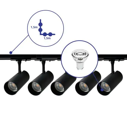 | Herstellername | Complete L shaped 1-Phase Track Set Black incl. 5x Spot fixture + GU10 2700K 3W Dim – 1,5 x 1,5 mete | |
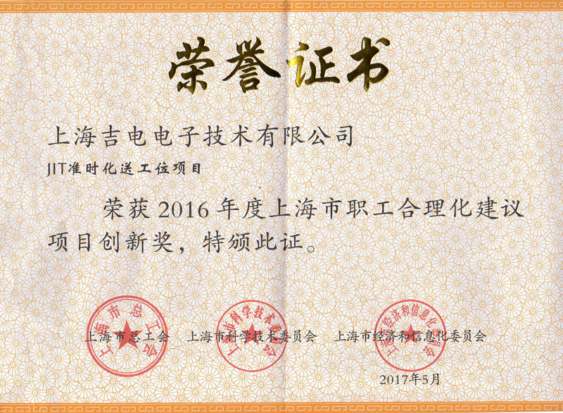 近期,上海吉電電子憑借《JIT準(zhǔn)時(shí)化送工位項(xiàng)目》在2016年度上海市職工合理化建議評(píng)選活動(dòng)中榮獲項(xiàng)目創(chuàng)新獎(jiǎng),該獎(jiǎng)項(xiàng)由上海市總工會(huì)、上海市科學(xué)技術(shù)委員會(huì)、上海市經(jīng)濟(jì)和信息化委員會(huì)聯(lián)合頒發(fā)。
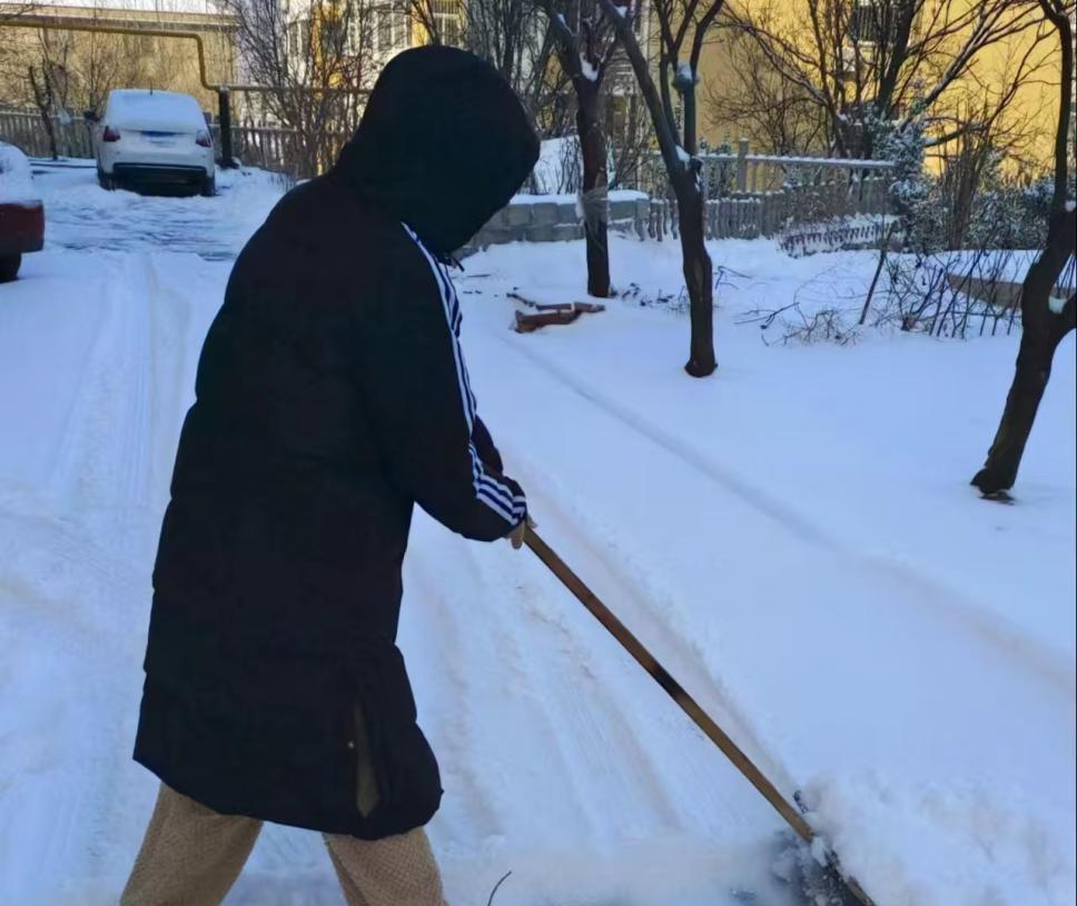 志愿服务当天,寒风凛冽,气温低至零下二十余度,但这丝毫没有阻挡学子们的服务热情。志愿者们身着醒目的红色志愿马甲,提前备好铁锹、扫帚、除冰铲等工具,分组奔赴社区主干道、十字路口、老年活动中心以及辖区内独居老人家门口等重点区域。现场分工明确,有的负责用铁锹铲开厚实的积雪,有的手持扫帚清扫零散残雪,有的则重点铲除路面顽固冰层,大家干劲十足、默契配合,挥舞工具的身影在白雪皑皑的社区中构成了一道靓丽的风景线。经过数小时的连续奋战,原本积雪结冰的路面被清理得干干净净,为居民开辟出了一条条安全通畅的出行通道。服务过程中,学子们还充分发挥护理学专业优势,主动走访独居老人家庭,不仅帮老人清扫院落积雪,还细心询问老人的身体状况和生活需求,协助搬运过冬物资、检查家中取暖设备安全,用专业且贴心的举动赢得了邻里们的纷纷点赞,不少居民主动拿出热水让志愿者们取暖,寒冷的冬日里涌动着浓浓的温情。(护理学232班孟子墨,护理学231班蒋欣言)
****
The whole listing must come back verbatim, with no pictures included.

 | Herstellername | Complete L shaped 1-Phase Track Set Black incl. 5x Spot fixture + GU10 2700K 3W Dim – 1,5 x 1,5 mete | |
 近期,上海吉電電子憑借《JIT準(zhǔn)時(shí)化送工位項(xiàng)目》在2016年度上海市職工合理化建議評(píng)選活動(dòng)中榮獲項(xiàng)目創(chuàng)新獎(jiǎng),該獎(jiǎng)項(xiàng)由上海市總工會(huì)、上海市科學(xué)技術(shù)委員會(huì)、上海市經(jīng)濟(jì)和信息化委員會(huì)聯(lián)合頒發(fā)。
 志愿服务当天,寒风凛冽,气温低至零下二十余度,但这丝毫没有阻挡学子们的服务热情。志愿者们身着醒目的红色志愿马甲,提前备好铁锹、扫帚、除冰铲等工具,分组奔赴社区主干道、十字路口、老年活动中心以及辖区内独居老人家门口等重点区域。现场分工明确,有的负责用铁锹铲开厚实的积雪,有的手持扫帚清扫零散残雪,有的则重点铲除路面顽固冰层,大家干劲十足、默契配合,挥舞工具的身影在白雪皑皑的社区中构成了一道靓丽的风景线。经过数小时的连续奋战,原本积雪结冰的路面被清理得干干净净,为居民开辟出了一条条安全通畅的出行通道。服务过程中,学子们还充分发挥护理学专业优势,主动走访独居老人家庭,不仅帮老人清扫院落积雪,还细心询问老人的身体状况和生活需求,协助搬运过冬物资、检查家中取暖设备安全,用专业且贴心的举动赢得了邻里们的纷纷点赞,不少居民主动拿出热水让志愿者们取暖,寒冷的冬日里涌动着浓浓的温情。(护理学232班孟子墨,护理学231班蒋欣言)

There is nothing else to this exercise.